Oh my gosh, this is going to be so freaking hard!”
That’s what I told a friend yesterday, after a workout that included a 1200-yard swim and a 4.5-mile run.
Three times a week, my training plan calls for me to run and swim on the same day. Wednesday, the swim portion of the workout consisted of a moderate 300-yard swim, followed by twelve 50-yard sprints and then followed by another moderate 300-yard swim. A 50-yard swim sprint is just that, swim as hard as you can for 50-yards, rest for 20 seconds and do it again. The difficult part of the workout was not necessarily the distances, but the “sprint” portion of the workouts.
In the past, I have not used swim sprints as part of my training plans. If fact, when training for previous triathlons, I would just swim, bike and run, depending on what I felt like doing that day. Since I am committing to a plan, I am trusting that the sprint workouts will be beneficial in helping me achieve my targeted goals. I don’t like them, but I’m going to do them.
On Wednesday, when I started my workout, I thought to myself that the planned session seemed extremely difficult for week three of my training. Last week, instead of twelve 50-yard sprints, I only had to swim eight 25-yard sprints. I knew the workouts would get progressively more difficult, but this seemed a little much.
I have been diligent on sticking with the plan, so I sucked it up and I did it. Once I finished though, I was absolutely drained. My muscles had never had to endure that type of sprint workout and I still had to run 4.5 miles!
Later in the day, I completed my 4.5 mile run. It felt good, however, I was so exhausted afterwards. I was so much more exhausted than I had been after previous workouts.
That evening, I kept thinking to myself about how difficult that workout was, especially the swim portion. At dinner, I could not stop talking about how difficult the workout was for me. It is only week three of my training plan and I am already fretting about how hard it is getting. I never expected the training to be easy, but it seemed to progress so much from week two.
Thursday, as I prepared my workout bag for the day, I checked off the previous day’s work out and made sure I knew what workout was planned for the day. At that moment is when I realized that I did the workout scheduled for week six and not week three. No wonder it was so much more difficult, I just skipped ahead three weeks into the plan.

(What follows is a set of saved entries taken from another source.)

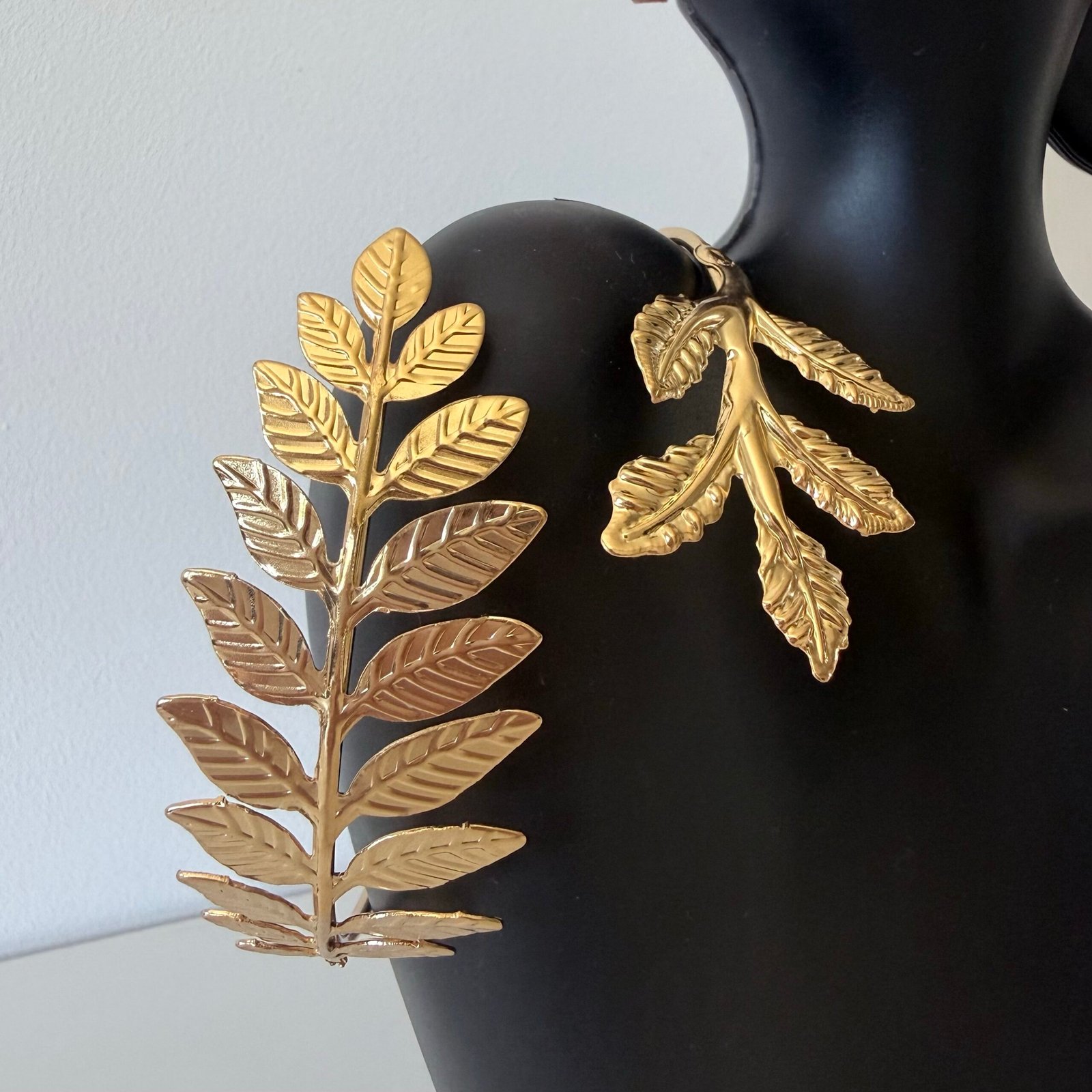 Brazalete de brazo, abierto y regulable en color dorado inspirado en hojas.
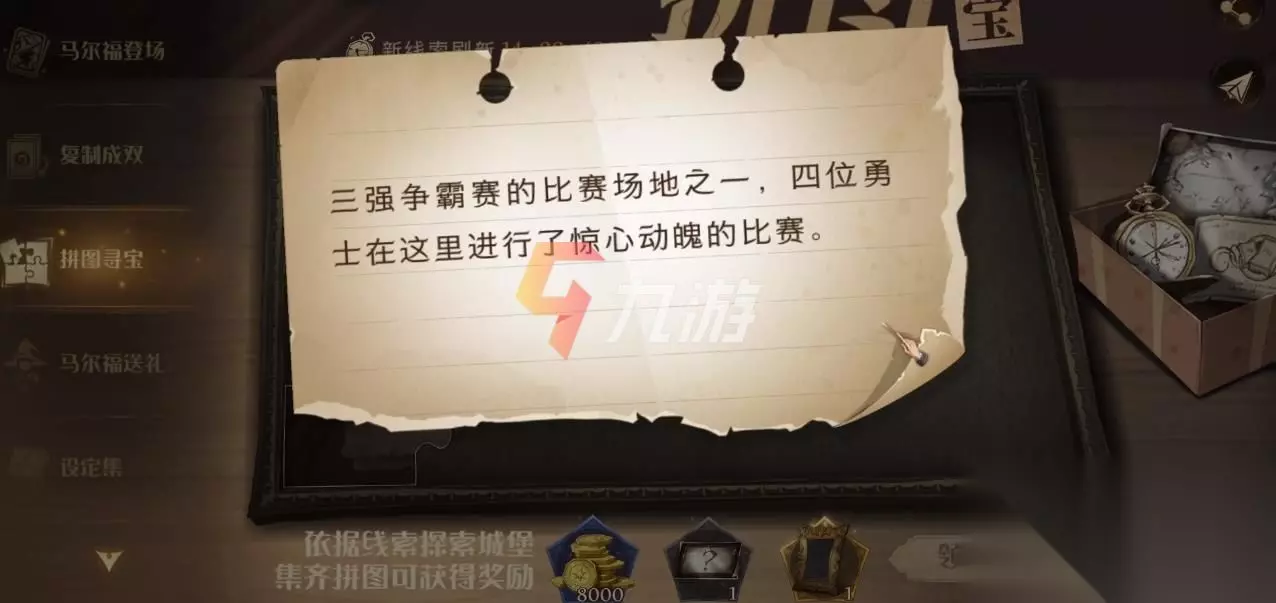 哈利波特魔法觉醒拼图攻略最全?哈利波特魔法觉醒攻略介绍 哈利波特魔法觉醒拼图任务攻略 触发方法: 通过界面左上角的菜单栏打开信箱之后可以看到有任务邮件,其中就有这封要求玩家找寻拼图的邮件,并随着信件附送了三条线索来暗示拼图的地点。 第一天 1、图书馆,最右边 进入图书馆,一直往右走,就能看到。
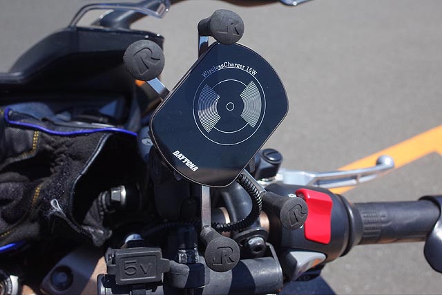 デイトナ製の薄型Qiトランスミッターをスマフォホルダーに貼り付けて運用。
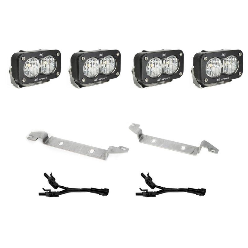 This premium LED lighting kit is configured with four S2 Sports offering 1,581 raw lumens each to illuminate zones 1 and 2 in front of your vehicle makes this the perfect trail ready solution.
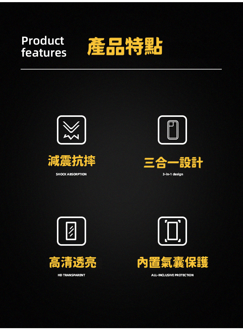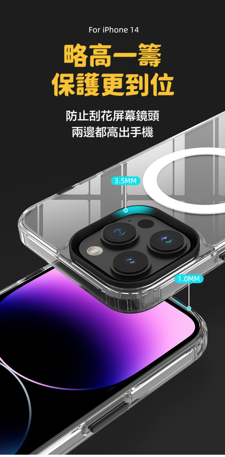 雙材質抗摔結構,正反側邊邊緣增高設計。
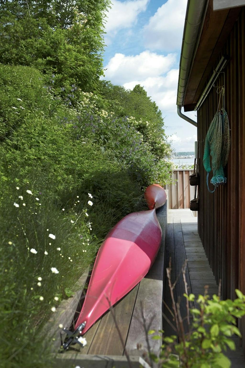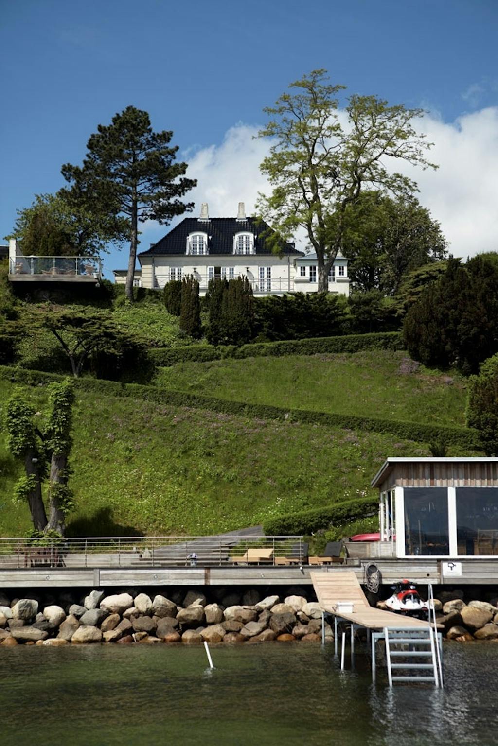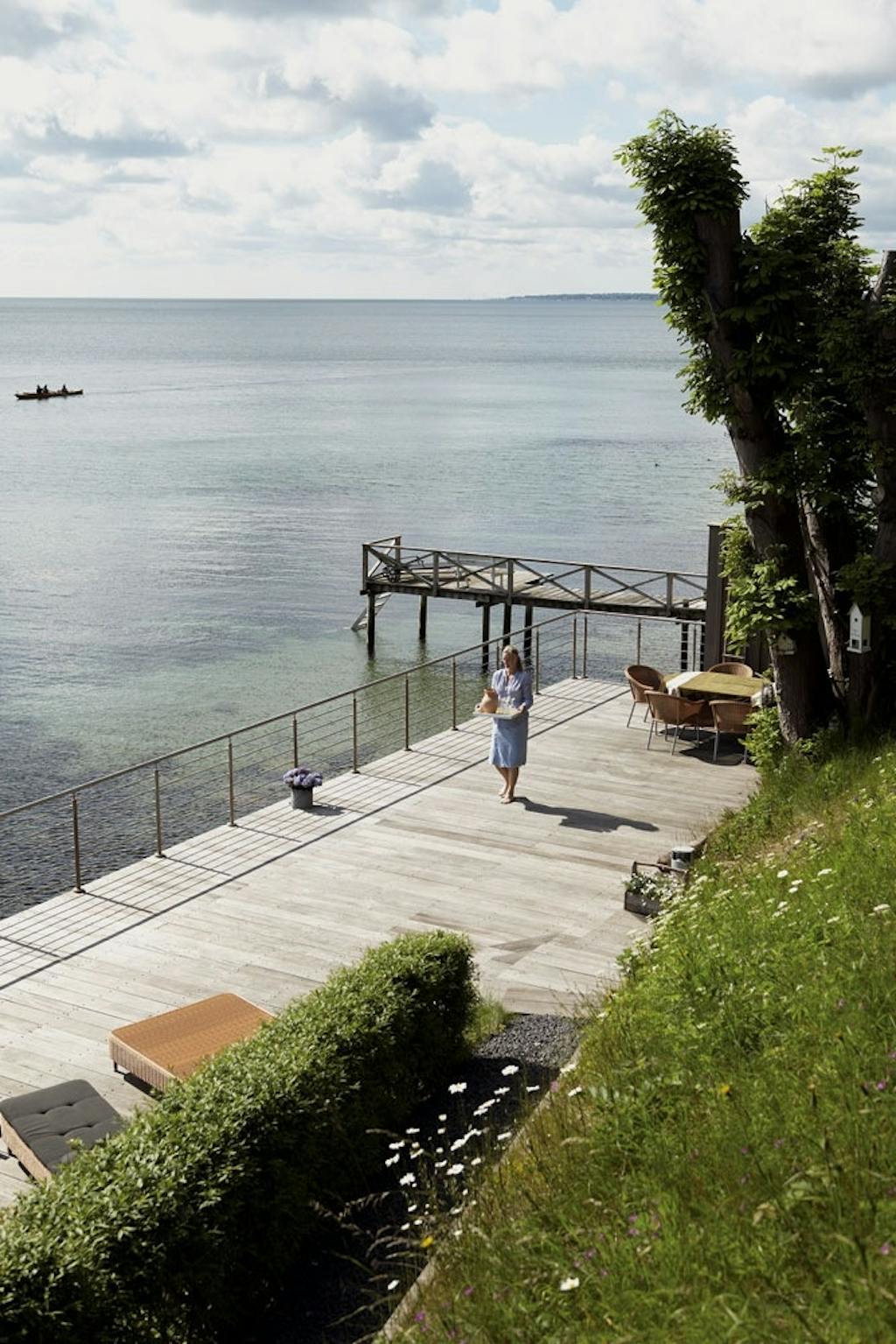 Med en betagende udsigt over Nivå Bugt har en familie fået et enestående uderum. Et badehus helt ude på kanten af den store og helt igennem spektakulære terrasse opfylder drømmen om at kombinere deres hjem med et sommerhus.

A huge sense of relief came over me knowing that my actual planned workout would not have been as difficult had I completed the week-3 session and not week-6’s session. I am now more confident that come week six, I’ll be ready for those twelve 50-yard sprints. I am hopeful that when that week comes, I won’t feel quite as exhausted as I did on Wednesday. This oversight has taught me to pay more attention to my daily plan so that I know that I’m doing the correct workout.
Other than that slight mix-up, my training is going well. I am feeling stronger, faster and more confident each day. Training is tough, though. The time commitment, the soreness, and the exhaustion is much more extreme than I am used too, but I am determined and will be ready on June 3rd.
Someone once said, “Life is not a sprint; it’s a marathon.” While that is true for the most part, I do have a slightly different take on that quote now. Just as I’m learning that sprints are necessary for my race preparation, in life there are also times we have to sprint to achieve our personal goals and dreams.
Bring on the sprints! Why not, right?